Kapuśniak
To mój awaryjny kapuśniak, gdy nie nie mam w domu słoika z kiszoną kapustą (ostatnio nastąpiła poprawa, nie muszę już kupować kiszonej kapusty, gdyż zaczęłam ją kisić sama). Mimo braku kwaśnego aromatu zupa jest pyszna, najlepsza odgrzana następnego dnia.
Składniki:
Składniki:
- około 1,5 kg białej kapusty
- 2 średniej wielkości marchewki
- około 250 g wędzonego boczku
- 4 duże ziemniaki
- 1 mała cebula
- łyżka margaryny
- mała pietruszka
- kawałek selera
- 2 liście laurowe
- 5 ziaren ziela angielskiego
- 1 łyżka wegety naturalnej
- sól, pieprz
- majeranek
- 1 łyżka mąki pszennej
- 2 litry wody
- Kapustę poszatkować na drobno - ja robię to na tartce.

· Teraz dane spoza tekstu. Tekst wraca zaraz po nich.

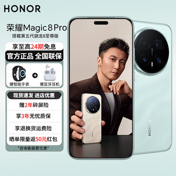 荣耀Magic8 Pro 新品5G旗舰手机 谢霆锋同款 2亿长焦超夜神 第五代骁龙8至尊版 AI手机荣耀magic8pro 天青色【谢霆锋同款】 12GB+256GB 官方标配

- Warzywa umyć a następnie obrać.
- Marchewkę, seler i pietruszkę zetrzeć na tartce (grube oczka).
- Ziemniaki pokroić w kostkę.
- Cebulę i wędzony boczek pokroić na kostkę.
- W dużym garnku rozpuścić margarynę, dodać boczek i cebulę, chwilę razem smażyć.
- Następnie dodać poszatkowaną kapustę i podsmażyć aż kapustka trochę zmięknie.
- Następnie do kapusty dodać starte warzywa, ziele angielskie i liście laurowe.
- Warzywa zalać wodą. Dodać wegetę naturalną, trochę soli i łyżkę majeranku.
- Gdy zupa się zagotuje dodać ziemniaki. Gotować na małym ogniu aż warzywa będą miękkie.
- Na patelni zarumienić mąkę pszenną, ostrożnie dodać wywaru z zupy, szybko wymieszać na jednolitą masę. Mąkę dodać do zupy.
- Zupę doprawiamy do smaku solą, pieprzem i majerankiem.